Economists are expecting a similar story in Friday’s jobs report. The consensus is that hourly earnings rose in March at a 4.3% annual rate, which would be a bit less than in February and well below last year’s peak of near 6%.

In general, this slowdown in pay gains is something the Federal Reserve will welcome in its efforts to tamp down price inflation. But rising wages are the very thing helping workers keep up with rising prices. 

What level of wage growth does the Fed want right now? 

The goal for price inflation is around 2%. The standard formula for target wage growth, said Elise Gould at the Economic Policy Institute, is that you add “long-term productivity growth — that’s about 1.5%,” she said. “So anything in the 3.5 range is certainly not going to be driving inflation.”
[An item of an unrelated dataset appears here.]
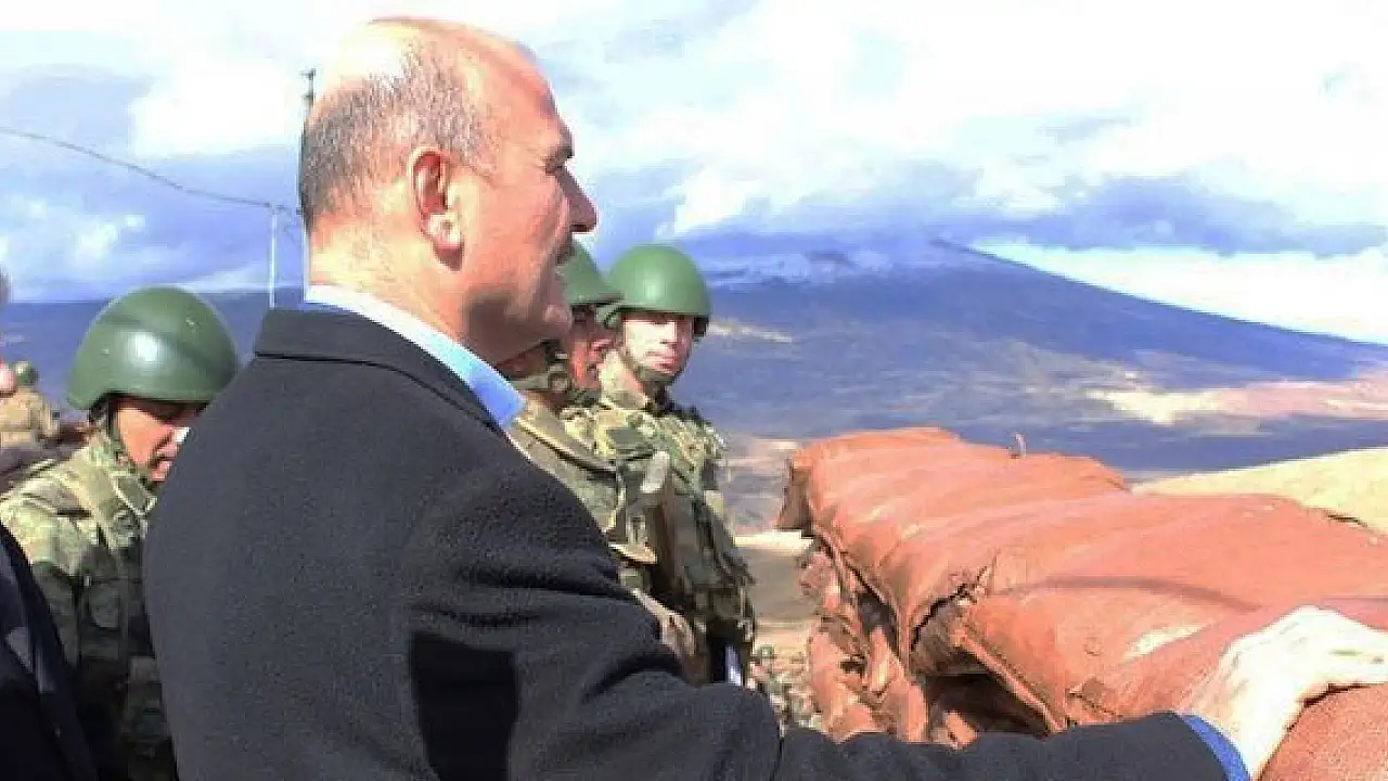 İçişleri Bakanı Süleyman Soylu, Türkiye-İran sınır karakollarını ziyaret ederek yapımı devam eden sınır duvarını havadan denetledi.

Some workers have been getting much bigger raises recently. Gould’s been crunching the numbers for the lowest-paid 10% of workers, many of whom are service workers who’ve been in high demand for the past couple of years.
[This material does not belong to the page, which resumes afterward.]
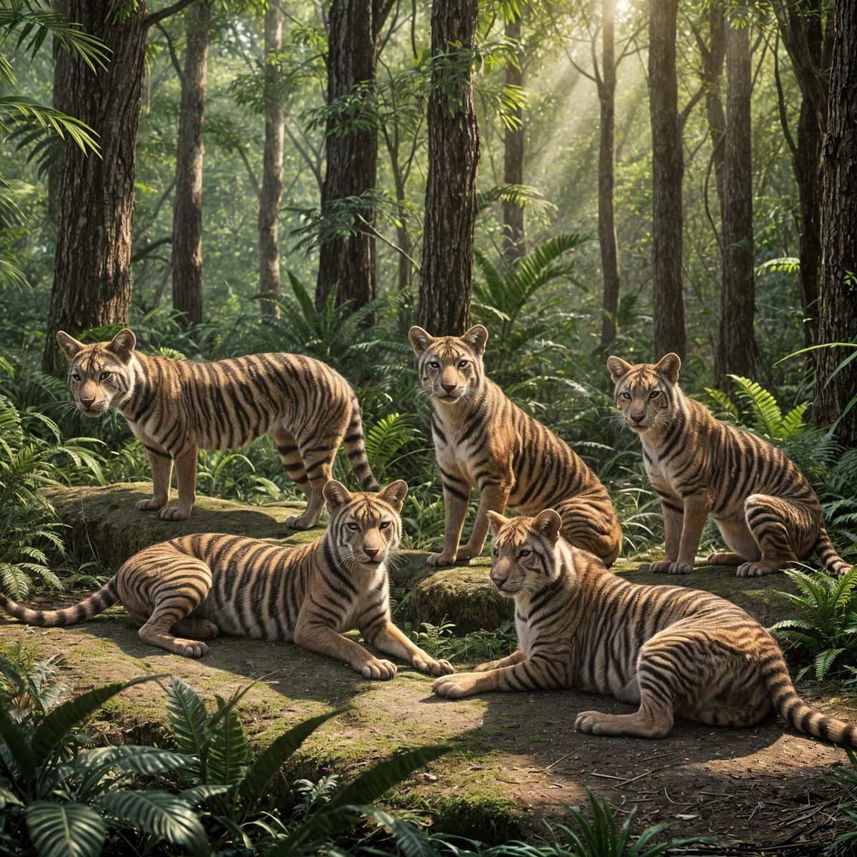 This image shows a family of Tasmanian tigers resting peacefully in a sun-drenched forest. The cinematic lighting and vivid colors enhance the intricate details of this amazingly realistic scene, rendered in 8k resolution.

“Those lower-wage workers saw faster wage growth, about 9% between 2019 and 2022 — much faster than at the middle of the wage distribution,” she said.
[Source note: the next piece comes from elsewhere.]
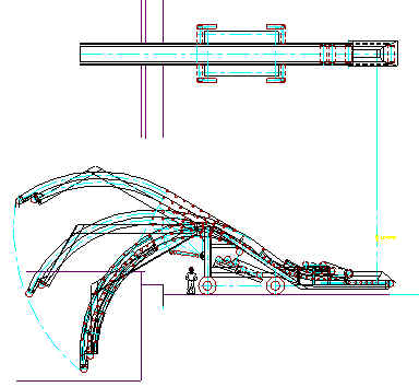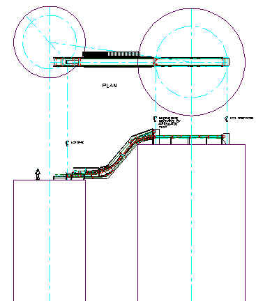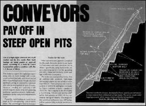 In 1979 Joseph A. Dos Santos undertook a major study to develop a means of moving and elevating large quantities of bulk materials, including coarse products such as rocks, aggregate, coal, etc. at the steepest possible inclines. It was also his intent to use only existing and generally available hardware in order to achieve the most economically feasible and easily maintained high angle conveyor design.

As wage growth slows, it’s likely to hit workers up and down the income ladder. But even many workers who get raises are likely to lose ground as the economy slows. 

“People are working less overtime, working fewer shifts per week,” said Dave Gilbertson at payroll processor UKG (a Marketplace underwriter), who tracks how many hourly workers punch in and for how long.

Employers are facing slackening demand, higher interest rates and economic uncertainty, Gilbertson added.

“Companies are broadly trying to manage their labor spend, recognizing that there have been elevated wages over the last couple years now,” he said. “One way to manage is to allow fewer hours for workers. Over a couple of months, I think employees are going to be in a tighter spot financially.”

Less money in people’s paychecks will tend to help the Fed fight inflation — hopefully without making consumers pull back so much it tips the economy into recession.